Alternatively, the mounting regions (arranging regions) of the
respective circuits may be located on opposing surfaces of the
circuit board 20 such that these mounting regions overlap with one
another when the front surface and the rear surface of the circuit
board 20 are viewed (i.e., in perspective plan view).

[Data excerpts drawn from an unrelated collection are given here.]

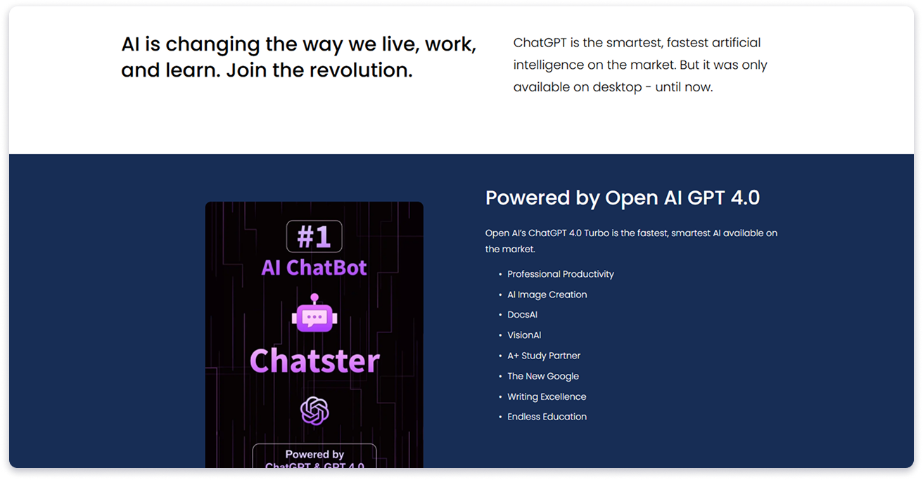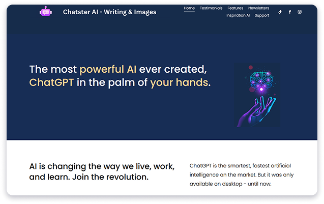 Chatster AI is a US-based mobile application built to deliver AI-powered writing assistance and image generation through a seamless, mobile-first experience. The platform enables users to generate content, interact with conversational AI, and create images directly from their smartphones.
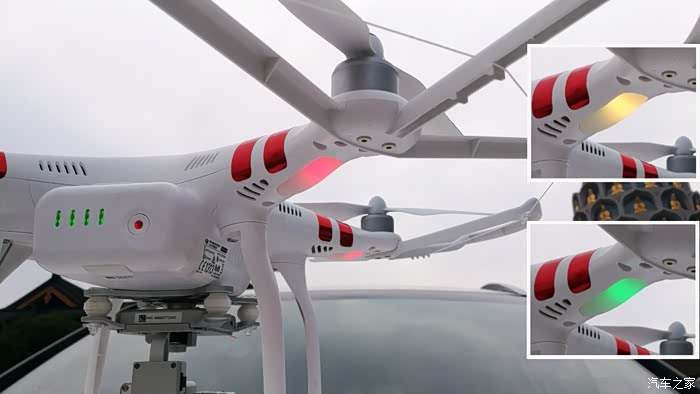 还有四个马达支撑架下面的指示灯也会相应点亮,并呈现红、黄、绿三种颜色交替变换。
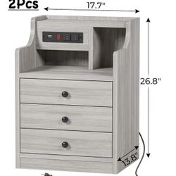 π 2Pcs Tiptiper Nightstand, Grey Night Stands with Hutch and Charging Station, Nightstand with 3 Drawers for Bedrooms, Modern Bedside Table End Side $120Denver, CO
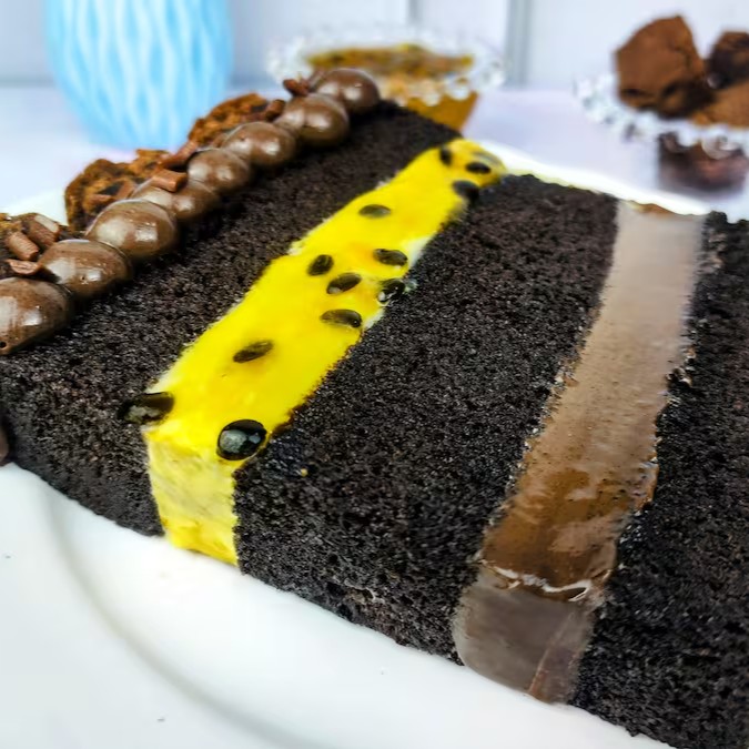 Recheado com uma camada de brigadeiro blend cremoso e outra camada de brigadeiro cremoso de maracujá.
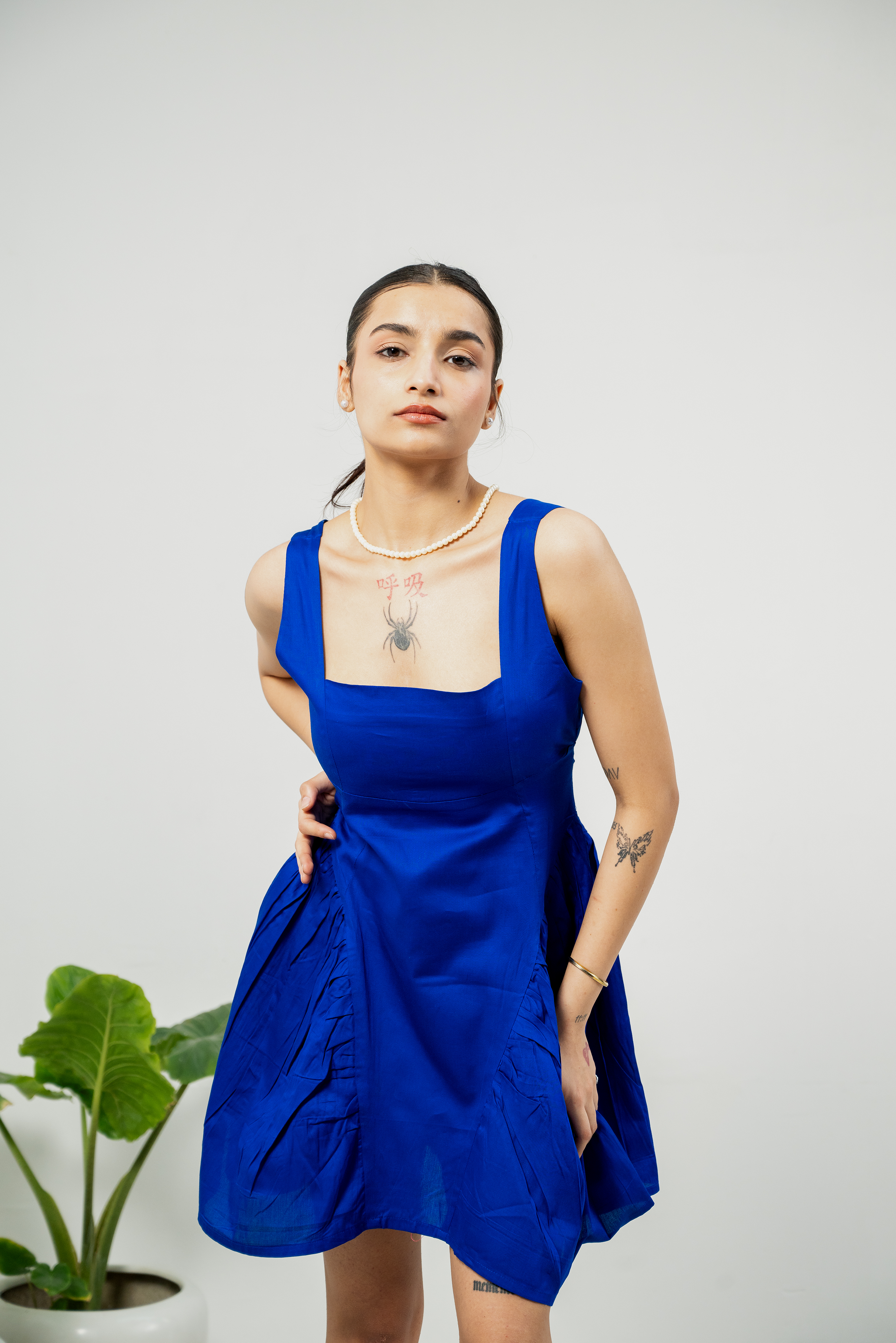 Striking yet playful, this royal blue flare dress brings bold silhouette and effortless chic together—perfect for making an entrance with confidence and flair.
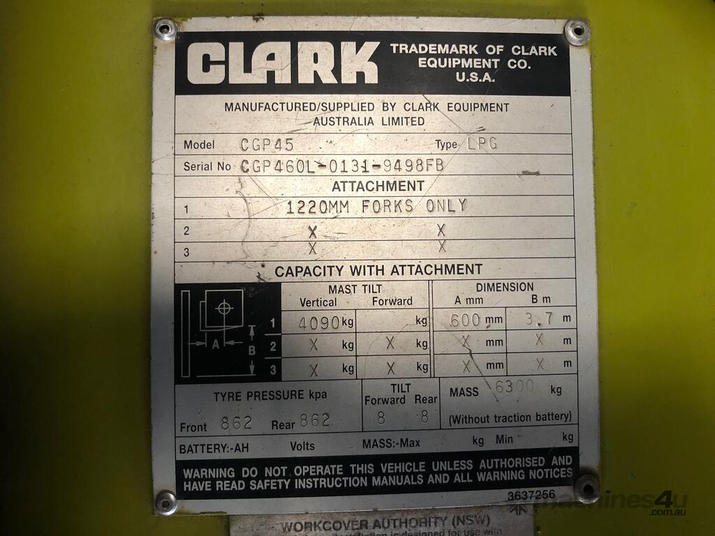 USED # Clark CGP45L # 4,5 Tonne Gas Forklift # 4500kg Load Capacity # 3700mm Lift Height # 1220mm Fork Tynes # QUICK & EASY FINANCE AVAILABLE # Weekly Rental Rate $220 + GST
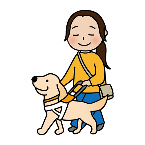 たれ耳の盲導犬と歩く女性
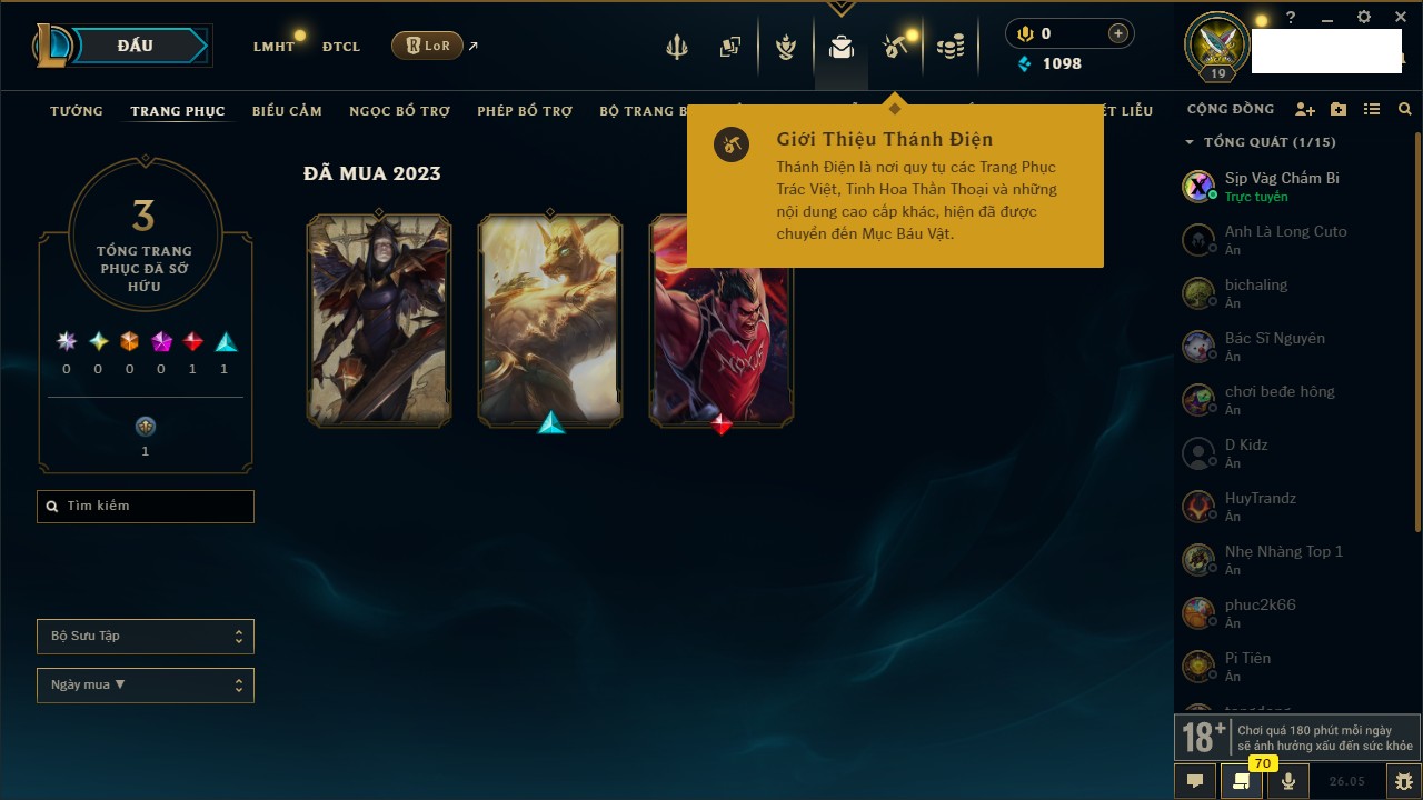 Rank Đơn: Chưa rank mùa nàoKhung: Chưa có khungTướng: 27 - Còn 2125 THXTrang Phục: 1Rank ĐTCL: Chưa RankLinh Thú: 22

[0052] The sensor control device 2 detects the concentration of NOx
contained in exhaust gas using the sensor element of the NOx sensor
10. Now, the following is a description of operations when the NOx
concentration is detected by the NOx sensor 10. The solid
electrolyte bodies 111, 121, 131, which configure the sensor
element 100 of the NOx sensor 10 shown in FIG. 2, are heated by
heater pattern 183 to which drive current is supplied from the
heater driving circuit 28, so as to activate the solid electrolyte
bodies 111, 121, 131. As a result, the Ip1 cell 110, the Vs cell
120, and the Ip2 cell 130 become operable.
[0053] Exhaust gas is introduced into the first measuring chamber
150 through the exhaust pipe 6 (refer to FIG. 1), while the flow
rate of the exhaust gas within the sensor element is restricted by
the first diffusion resisting portion 151. In this case, current
"Icp" is supplied from the electrode 123 to the electrode 122
within the Vs cell 120 by the Icp supplying circuit 264. As a
result, oxygen contained in the exhaust gas becomes oxygen ions,
and the oxygen ions flow through the solid electrolyte body 121,
and then, are moved into the reference oxygen chamber 170. In other
words, since the current "Icp" flows between the electrodes 122 and
123, oxygen within the first measuring chamber 150 is transported
into the reference oxygen chamber 170.
[0054] The Vs detecting circuit 263 detects a voltage between the
electrodes 122 and 123, and the reference voltage comparing circuit
261 compares the detected voltage with a reference voltage (425 mV)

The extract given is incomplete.